I. Ich stimme Barcan und Kripke zu: Wenn zwei Dinge tatsächlich ein und dasselbe sind, dann sind sie notwendigerweise ein und dasselbe. Soweit ich das beurteilen kann, ist dies nur die Aussage, dass für alle möglichen Welten oder Szenarien x genau dann existiert, wenn x existiert.

Wenn wir also sagen „Hesperus ist Phosphor“ oder „der Morgenstern ist der Abendstern“, drücken wir denselben Sachverhalt aus wie wenn wir sagen „Venus ist Venus“.

In Bezug auf die obigen Kommentare hat jobermark den zweiten dieser Sätze als de dicto gelesen , wenn die beabsichtigte Lesart von Ihnen und Kripke de re ist. Um ein klassisches Beispiel für diese Unterscheidung zu geben, bedenken Sie, was jemand sagt, wenn er sagt: "Der 44. Präsident der Vereinigten Staaten ist zwangsläufig Obama." Die De-Re -Lektüre ist, dass Obama notwendigerweise Obama ist: Das Objekt, auf das sich „der 44. PotUS“ bezieht, ist das, was eine gewisse Eigenschaft behauptet (dh notwendigerweise mit Obama identisch ist). Wer den Platz des 44. PotUS einnimmt, ist, de dicto , zwangsläufig identisch mit Obama: Die Beschreibung des "44. PotUS" beziehe sich immer auf etwas Identisches mit Obama,

II. Im Gegensatz zu Ihrer Behauptung, dass A = A N(A = A) mit sich bringt, ist dies nicht für alle seine Instanzen wahr, weil es nur ein Theorem der (irgendeiner Version von) Modallogik ist, denke ich, sondern weil die Welt (notwendigerweise) ist so, und die Axiome der Logik erfassen, wie die Welt (notwendigerweise) ist.

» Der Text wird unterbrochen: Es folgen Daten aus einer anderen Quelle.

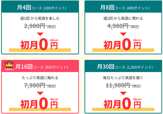 このキャンペーンは全プランがご利用できますので、最大30回(11,980円相当)のレッスンも初月無料
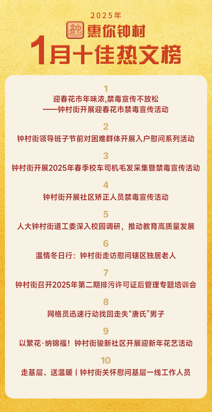 1月份"惠你钟村"南方号聚焦民生关切,累计发布55篇原创报道。从禁毒宣传到慰问行动,从校园调研到文艺活动,通讯员用鲜活的镜头与灵动的笔尖,捕捉着钟村街人民的美好生活景象,展现了街道服务的多样性与温度。让我们一起走进钟村街道的精彩时刻>>
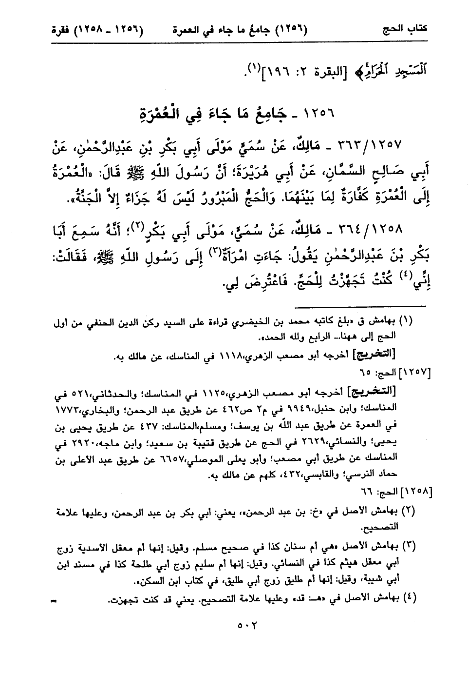 أخرجه أبو مصعب الزهري، ١١٢٥ في المناسك؛ والحدثاني، ٥٢١ في المناسك؛ وابن حنبل، ٩٩٤٩ في م٢ ص٤٦٢ عن طريق عبد الرحمن؛ والبخاري، ١٧٧٣ في العمرة عن طريق عبد الله بن يوسف؛ ومسلم، المناسك: ٤٣٧ عن طريق يحيى بن يحيى؛ والنسائي، ٢٦٢٩ في الحج عن طريق قتيبة بن سعيد؛ وابن ماجه، ٢٩٢٠ في المناسك عن طريق أبي مصعب؛ وأبو يعلى الموصلي، ٦٦٥٧ عن طريق عبد الأعلى بن حماد النرسي؛ والقابسي، ٤٣٢، كلهم عن مالك به.

Anders als Quine angesichts Ihres Einwands behaupten müsste, ist A = A oder N(A = A) nicht in allen Fällen wahr, weil wir es so definiert haben, sondern weil die Dinge in Wirklichkeit so sind, dass etwas nicht hätte sein können numerisch von sich selbst verschieden. (Ich lese „=“ natürlich als Behauptung einer numerischen Identität. Wenn ich „=“ als Behauptung einer qualitativen Identität lese, ergibt sich eine kontingente Aussage: Der Morgenstern unterscheidet sich jetzt von dem, was er selbst vor einiger Zeit war.)

Etwas macht es so, dass Barcans Behauptung universell und notwendigerweise wahr ist, und es sind nicht unsere Definitionen oder sprachlichen Praktiken (ich denke – viele würden anderer Meinung sein), sondern eher wegen etwas in der Realität, nämlich alles, denn alles ist mit sich selbst identisch. (Komischerweise war es Quine, der sagte, dass "A = A" wahr ist, weil die Realität so ist. Ich nehme an, er bestritt, dass es für einen ihrer Fälle notwendig ist.)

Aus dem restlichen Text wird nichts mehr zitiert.